Aggregation-Induced Emission (AIE) refers to the phenomenon where certain organic luminescent molecules (fluorescent dyes) exhibit enhanced light emission in the aggregated or solid-state compared to their solution state. This effect is contrary to the typical behavior of most organic compounds, which usually experience fluorescence quenching due to phenomena such as aggregation-caused quenching (ACQ) in the solid state. The primary cause of AIE is the restricted molecular motion in the aggregated state (reduced flexibility), which effectively suppresses non-radiative energy dissipation and improves fluorescence efficiency. Furthermore, fluorescence enhancement can also occur when molecular motion is restricted due to host–guest interactions or increased viscosity of the solution, a phenomenon rarely seen in conventional host–guest complexes.

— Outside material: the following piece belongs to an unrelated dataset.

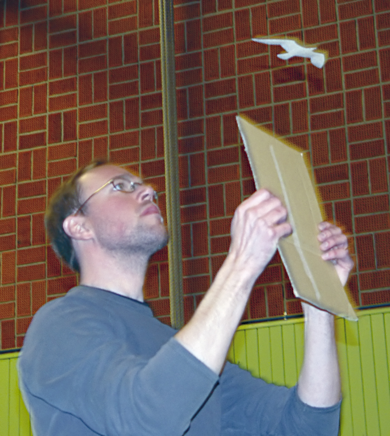 Först ska du vika upp dina bägge höjdroder. Enklast gör du detta genom att På sju minuter kan du snabbt och enkelt "bygga" dig din egen skumflygare. lägga den utskurna modellen kant-i-kant på ritningen. Nu använder du dig av de hjälplinjer som är utritade och som visar var höjdroderna ska vikas uppåt. Lägg på en linjal längs med linjerna och vik upp dina roder cirka två millimeter. (Se bild.) Fäst sedan fast din nosvikt som kan bestå av en bit tunnt lödtenn, modell-lera eller häftmassa. Lödtennet tejpar du fast med en liten bit maskeringstape. Avpassa nu höjdroder med nosvikt så att du får en modell som flyger rakt fram och samtidigt så långsamt som möjligt utan att flyga guppigt det vill säga "stalla". Slutligen gör du nu det dykprov som finns beskrivet på ritningen så att du kan konstatera att du funnit din modells rätta stabilitet. Tänk på att alltid endast göra en trimåtgärd åt gången! Att flyga med hjälp av sina händer eller en pappskiva?Det hela bygger på att när man går framåt så kan åstadkomma ett "hang" eller enkelt uttryckt en luftkudde - genom att använda sig av sina händer eller en pappskiva i ungefärlig storlek A 4. Placera dina händer i ögonhöjd framför ditt ansikte med ett mellanrum av 5-10 cm mellan dina händer. Går du nu framåt åstadkommer du det "hang" som modellen flyger på. Nu gäller det för dig att finna den rätta vinkeln på dina händer och att känna av den rätta gånghastigheten. Jodå, det tar en stund att finna det rätta "knixet".

Aggregation-Induced Emission Enhancement (AIEE) refers to the phenomenon in which certain organic luminescent molecules exhibit a higher photoluminescence efficiency in the aggregated state than in the solution state. Some luminescent molecules (such as diketopyrrolopyrrole and sulfonamide compounds) only show stronger emission when they enter the crystalline state, a phenomenon referred to as Crystallization-Induced Emission Enhancement (CIEE). Additionally, some luminescent materials (such as noble metal nanoclusters) also show higher photoluminescence efficiency in the aggregated state compared to when they are uniformly dispersed in solution, a phenomenon known as Aggregation-Induced Emission (AIE).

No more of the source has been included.